When viewed in a light most favorable to the nonmoving party, the evidence establishes that there was time to warn or address the dangerous condition but that the premises owner did so ineffectually. Mr. Alcantar presented evidence showing the immediate arrival of the employee from the adjacent aisle after Mr. Alcantar's slip and fall, the employee's clear awareness of an existing spill prior to Mr. Alcantar's fall, the placement of the caution wet floor sign in the adjacent aisle, the presence of a mop and bucket, the soaked floors, the employee's wet shoes, and water trail on the floor. For purposes of summary judgment, there is sufficient evidence that Dollar General was aware of the dangerous conditions sufficiently before Mr. Alcantar's slip and fall such that Dollar General could have addressed the dangerous condition or at least warned of it.
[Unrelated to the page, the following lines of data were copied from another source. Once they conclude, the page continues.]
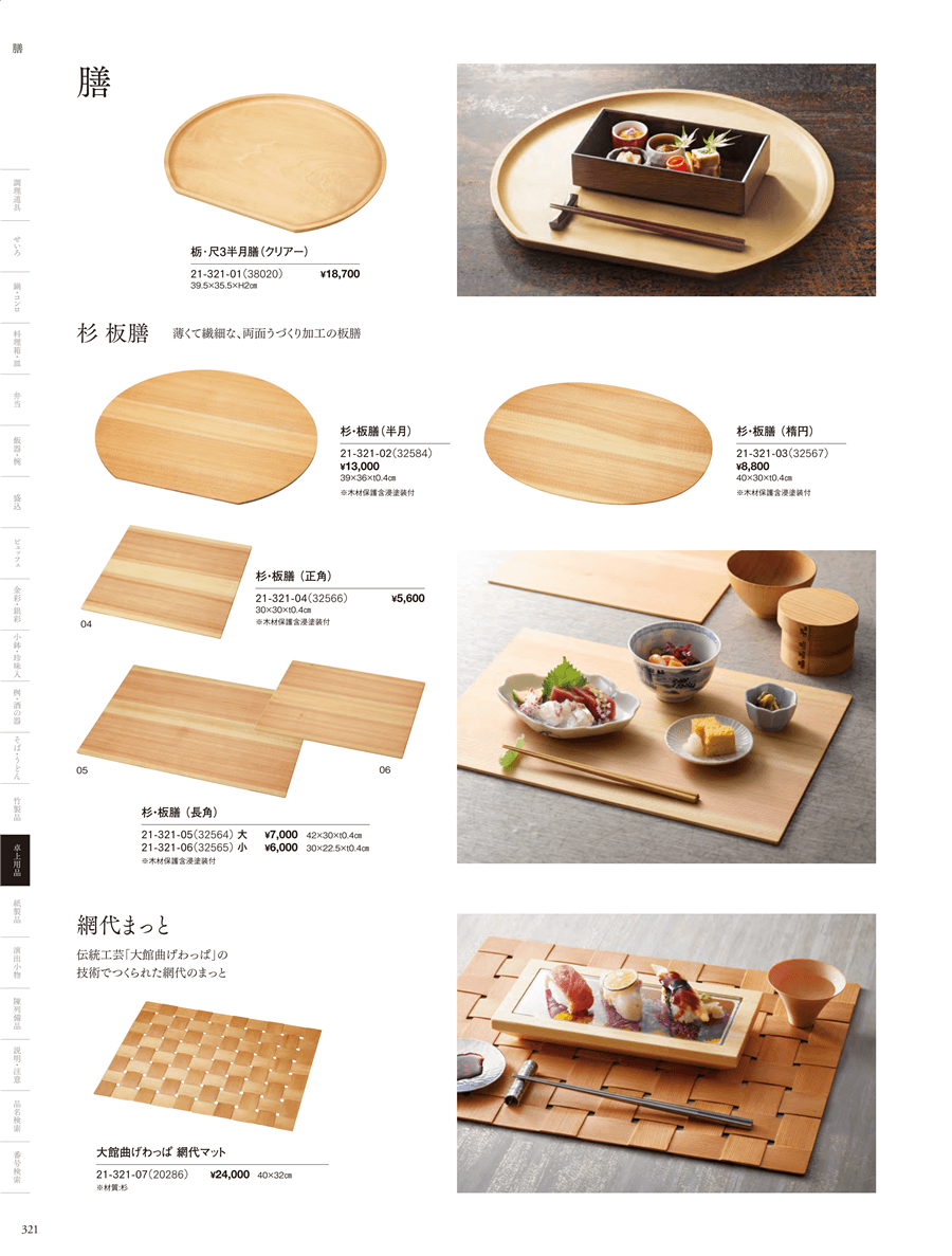 | 21-321-03 | 杉・板膳(楕円) | 上代 8,800円(税抜) 卸値 5,808円(税抜) (34%OFF) | ||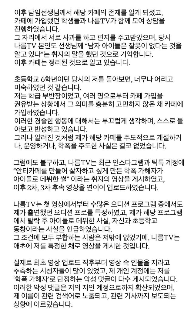 당시 담임의 중재 하에 카페 가입자들과 나름 TV가 서로 사과를 하고 편지를 주고받았다는 그는 "나름TV 본인도 선생님께 '남자 아이들은 잘못이 없다는 것을 알고 있다'는 취지의 말을 했던 것으로 기억한다"고도 전했다.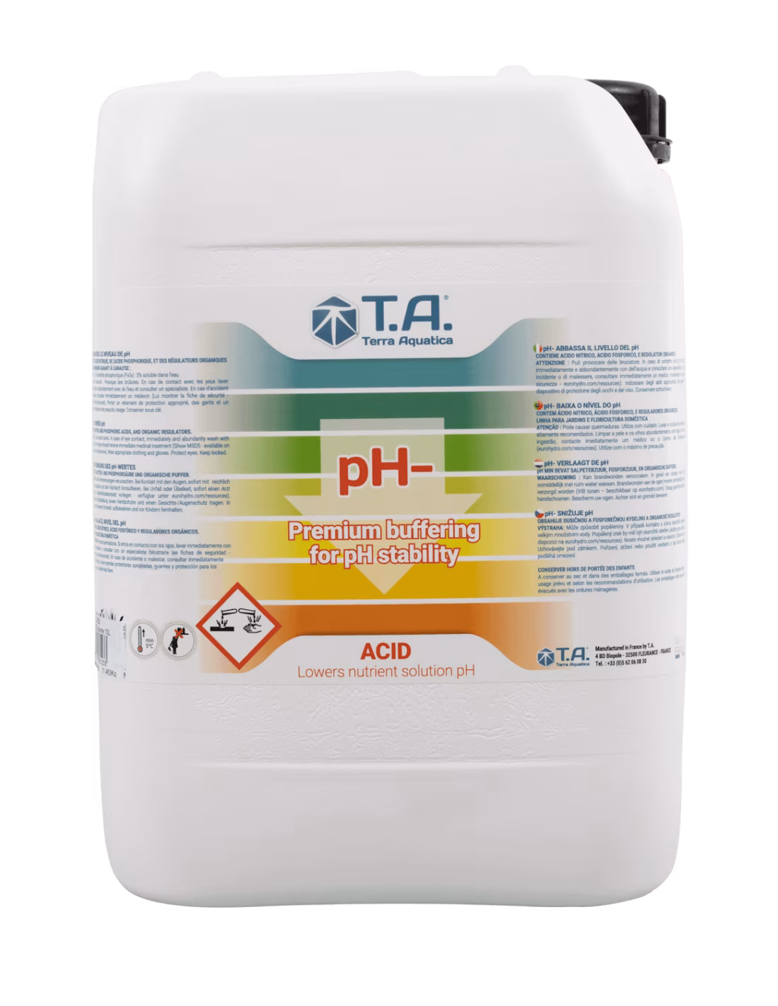 Para diminuir o pH, a Terra Aquatica mistura cuidadosamente três ácidos normalmente usados ​​sozinhos em hidroponia para te dar todos os benefícios de cada um - sem as desvantagens.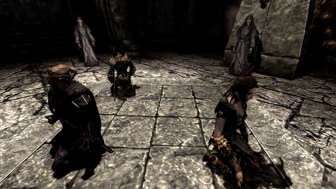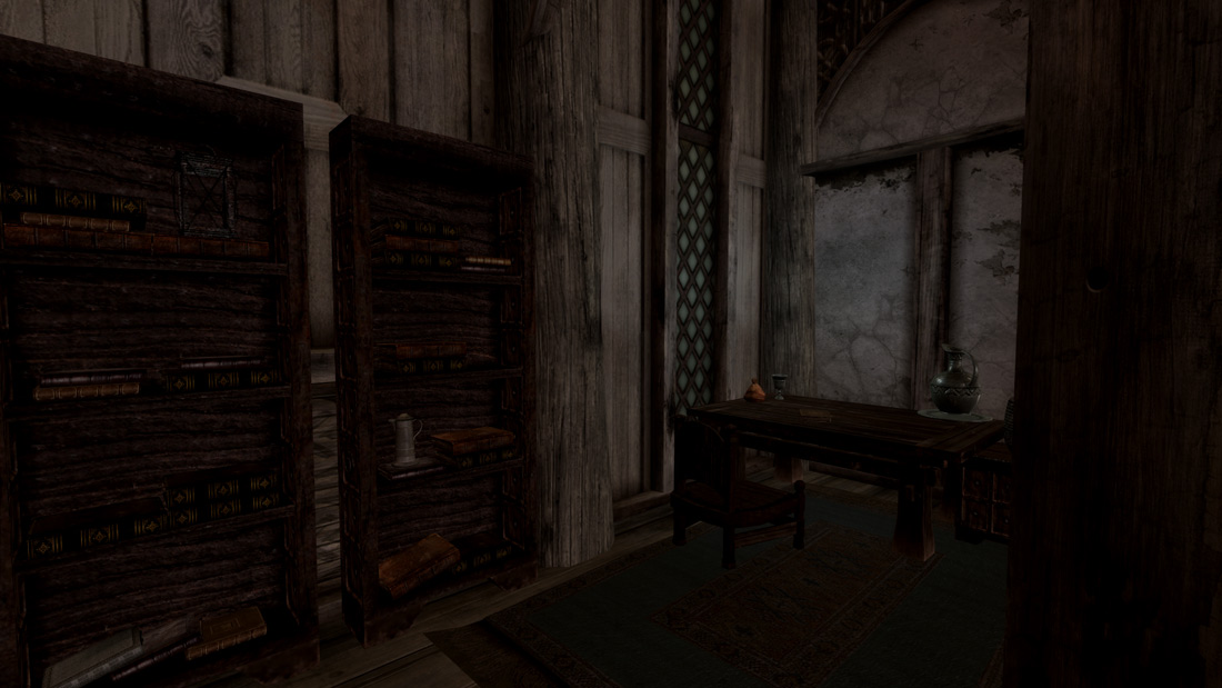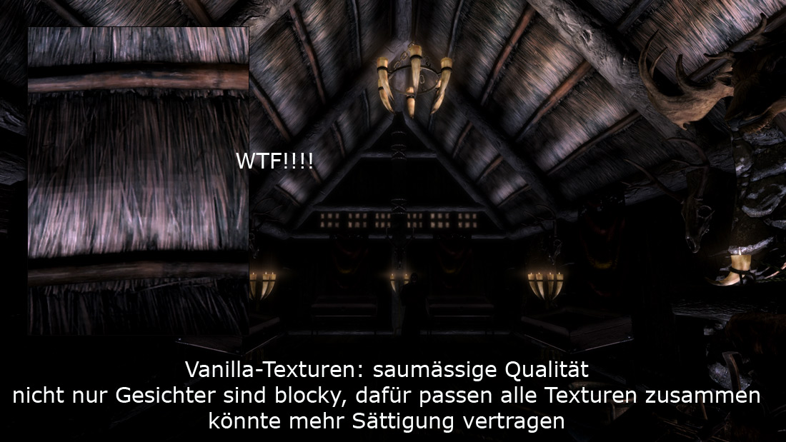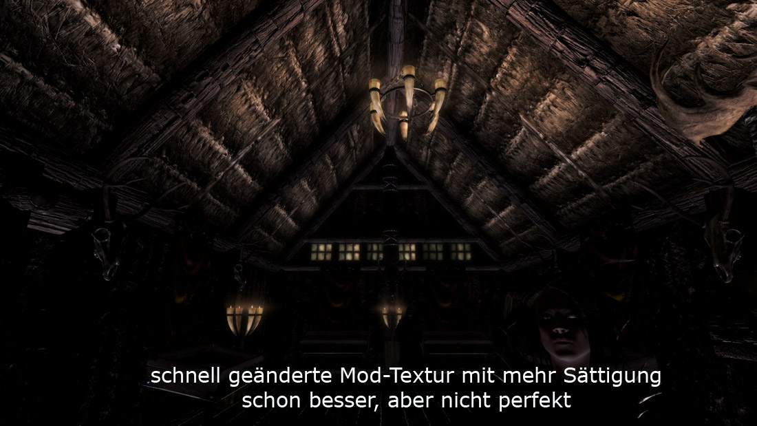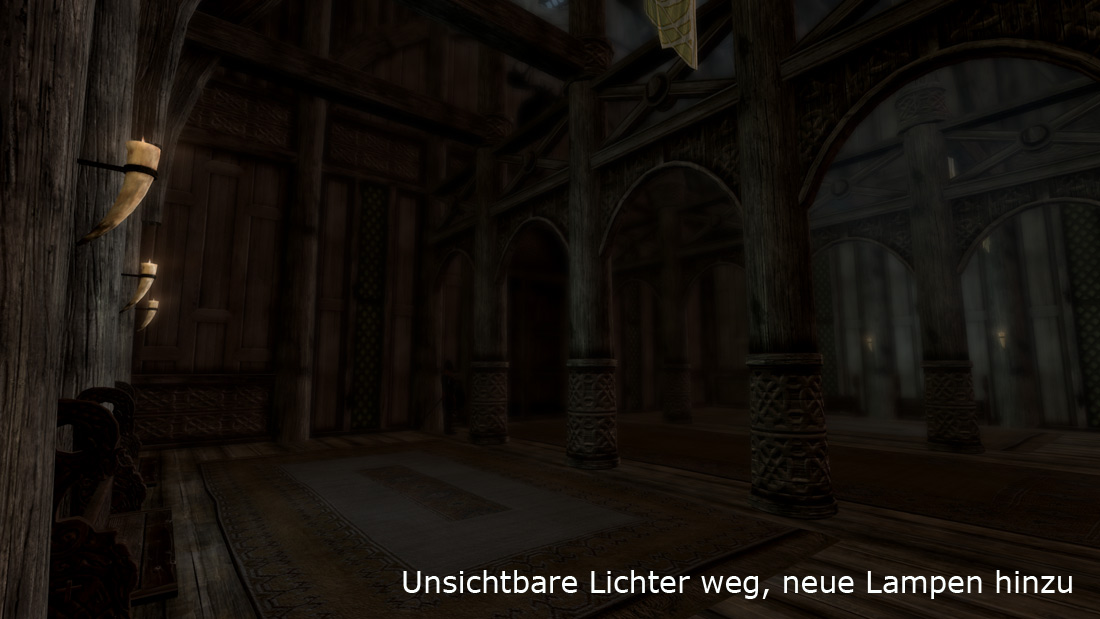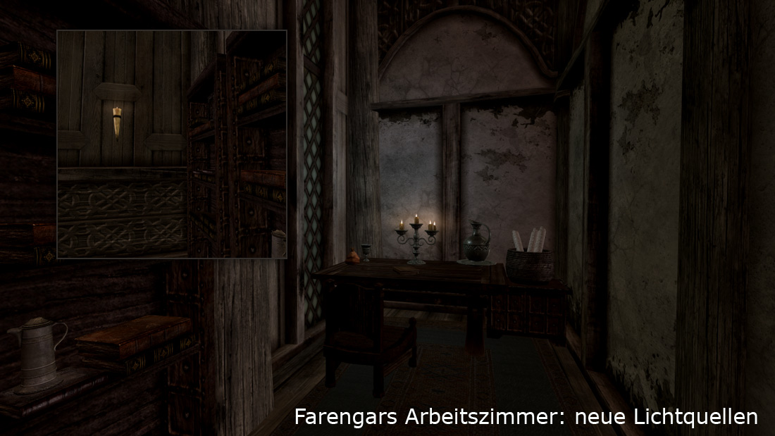 Es ist schon so: wenn man kontrastreiche und angemessen dunkle Filter drauf hat, dann merkt man viel eher, was an der Vanilla-Beleuchtung schief gelaufen ist. So können Räume ohne Fackeln nahezu unbenutzbar werden, wenn man sie dunkler macht und dies, weil es da ganz einfach keine Beleuchtung hat. Ist einem vorher gar nicht aufgefallen, weil die Räume so hell und kontrastlos waren. Ich kann natürlich nicht überall neue Lichtquellen platzieren, aber in der Akademie von Winterfeste und anderen wichtigen Orten werde ich das noch tun.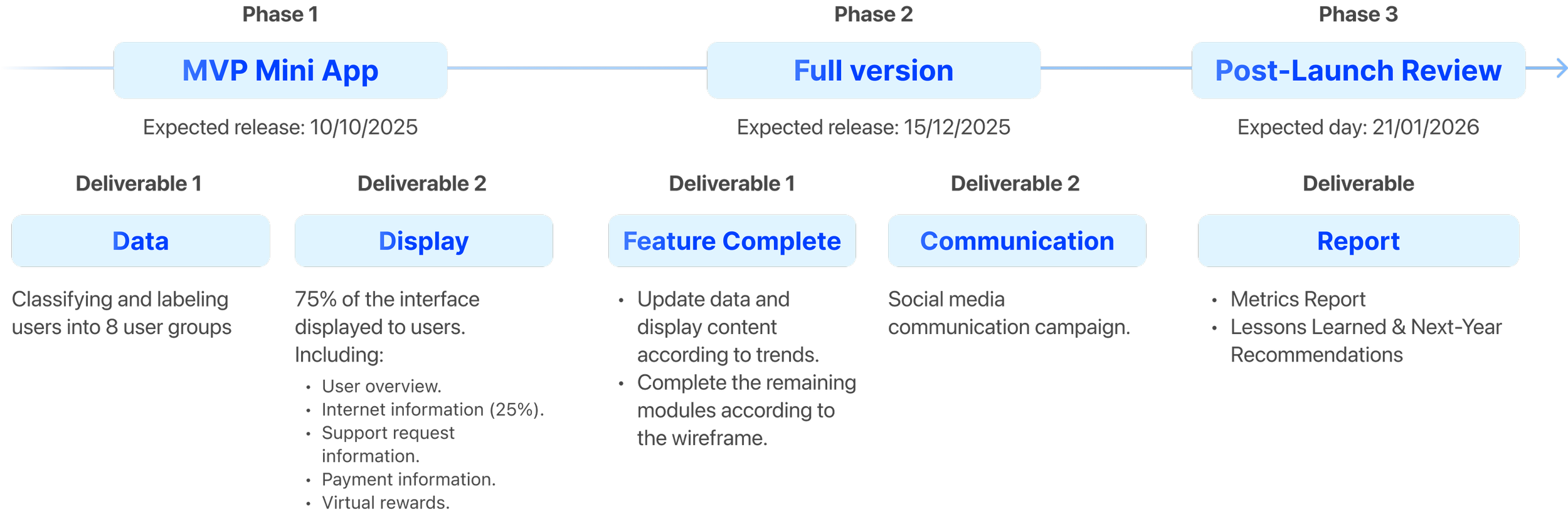 This phased approach ensures a focused MVP launch by October 2025, with full features and marketing push in December 2025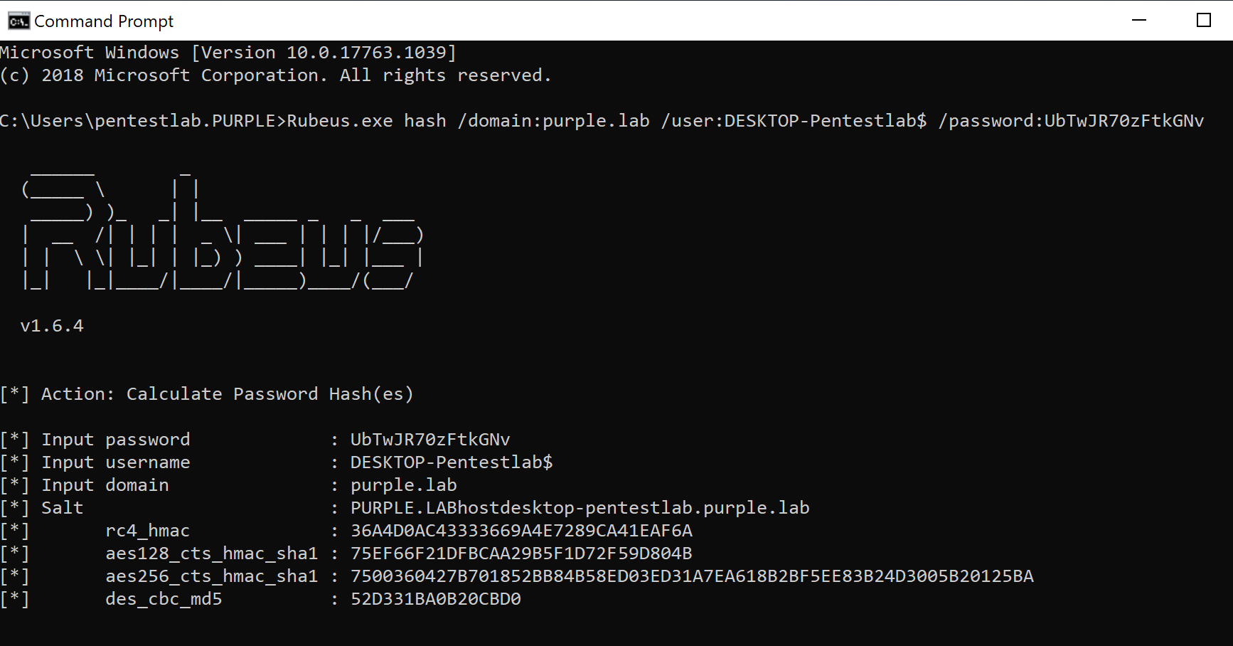 Rubeus.exe hash /domain:purple.lab /user:DESKTOP-Pentestlab$ /password:UbTwJR70zFtkGNv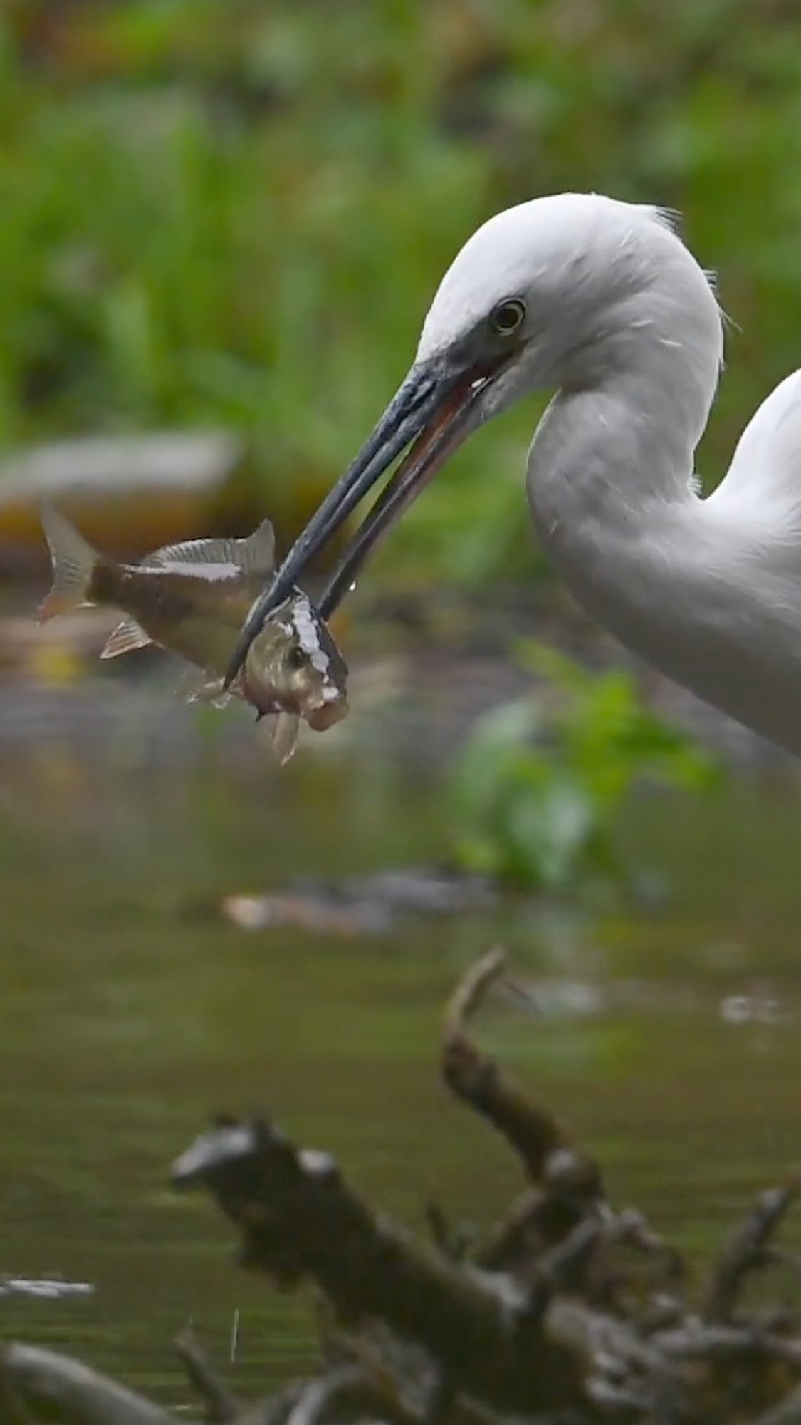 Little Egret Catching Fish (Slow Motion)

Therefore, even if this court were to assume for purposes of argument that Dollar General is correct with regard to the need for such a time window to establish notice or that the trial court is correct that such a window is necessary to establish duty, Mr. Alcantar, nevertheless, made a sufficient showing that Dollar General had such a time window when the evidence is viewed in a light most favorable to him as the nonmoving party. Accordingly, we conclude the trial court erred by granting summary judgment to Dollar General.
V.
In considering the arguments advanced on appeal and for the reasons discussed above, we reverse the judgment of the trial court. The costs of the appeal are taxed to the appellee, Dolgencorp LLC, for which execution may issue if necessary. The case is remanded for such further proceedings as may be necessary and consistent with this opinion.